(Supplied data begins)
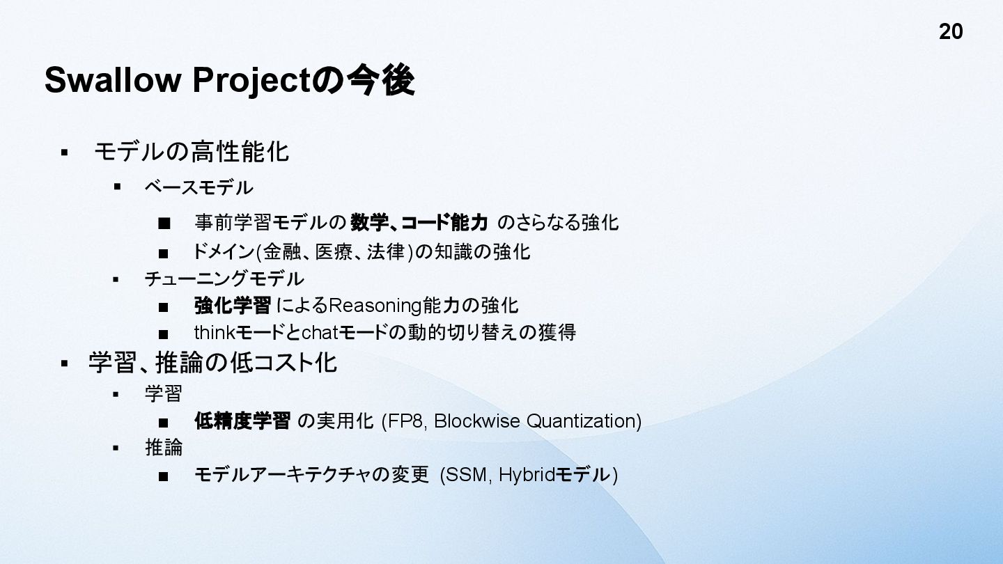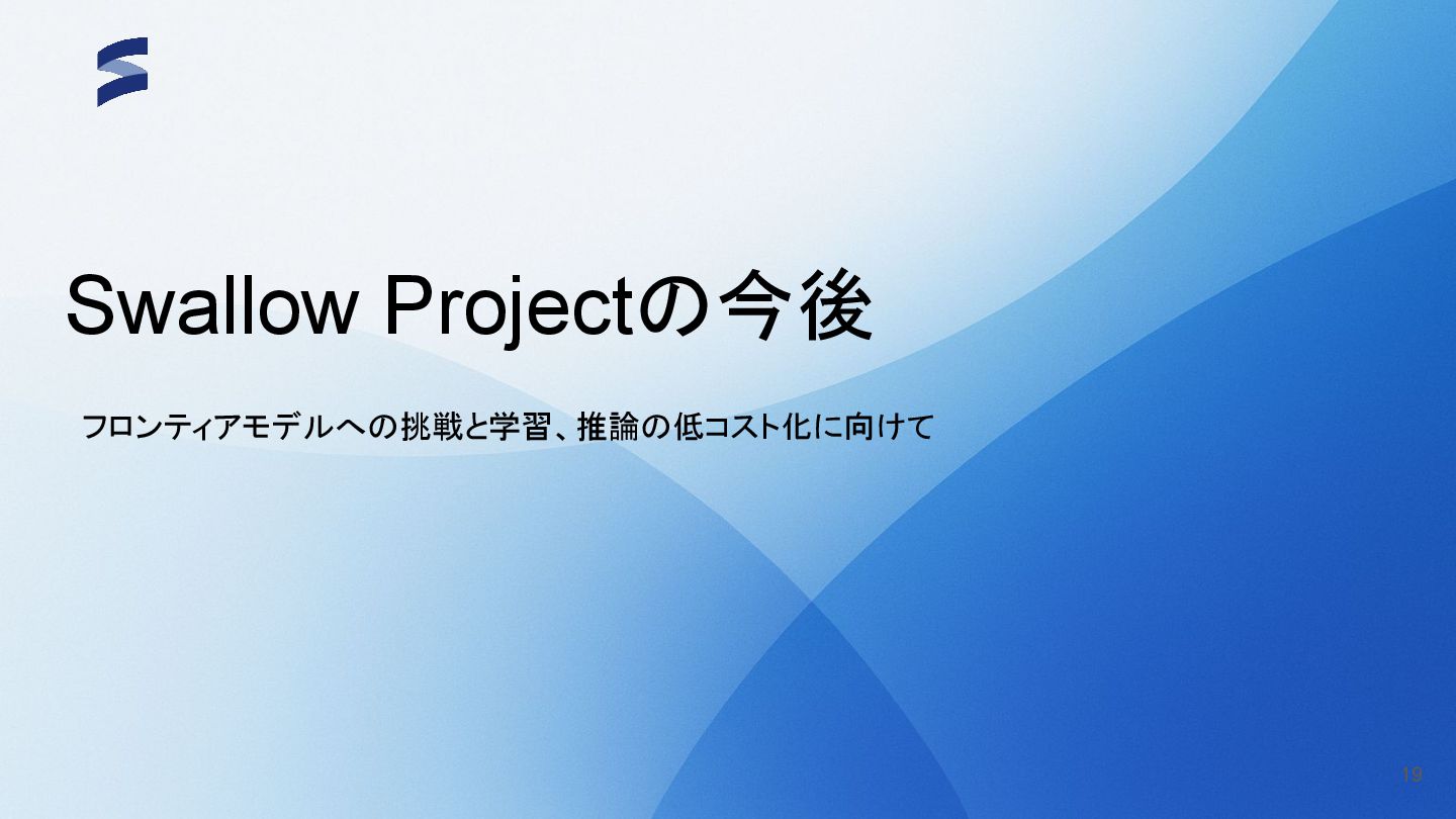 Swallow Projectの今後 フロンティアモデルへの挑戦と学習、推論の低コスト化に向けて 19
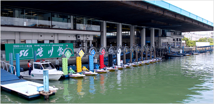 ボートレースでいうピットとは、水面上でモーターボートを係留しておく場所のこと。レースに出走するボートは、ピットで待機し、出走の合図とともにピットから発進する。
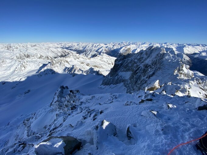 Allein Sonntag im Keschgebiet. Meistens gleich wie der Eintrag vom Freitag 21.01, der Samtags- Wind und Schnee hat uns ein bisschen mehr Spurarbeit gegeben (teils tiefe Pulver bei der Porta und Schlussaufsteig vom Skidepot). Ketten noch frei bei der Porta, ziemlich nur noch ein BH an der heikelste Stelle des Schlussaufsteigs frei.
(Supplied data ends)
Exercise instructions —
Repeat the listing in full and exactly. Leave any pictures out.

Response below —
 Swallow Projectの今後 フロンティアモデルへの挑戦と学習、推論の低コスト化に向けて 19
 ボートレースでいうピットとは、水面上でモーターボートを係留しておく場所のこと。レースに出走するボートは、ピットで待機し、出走の合図とともにピットから発進する。
 Allein Sonntag im Keschgebiet. Meistens gleich wie der Eintrag vom Freitag 21.01, der Samtags- Wind und Schnee hat uns ein bisschen mehr Spurarbeit gegeben (teils tiefe Pulver bei der Porta und Schlussaufsteig vom Skidepot). Ketten noch frei bei der Porta, ziemlich nur noch ein BH an der heikelste Stelle des Schlussaufsteigs frei.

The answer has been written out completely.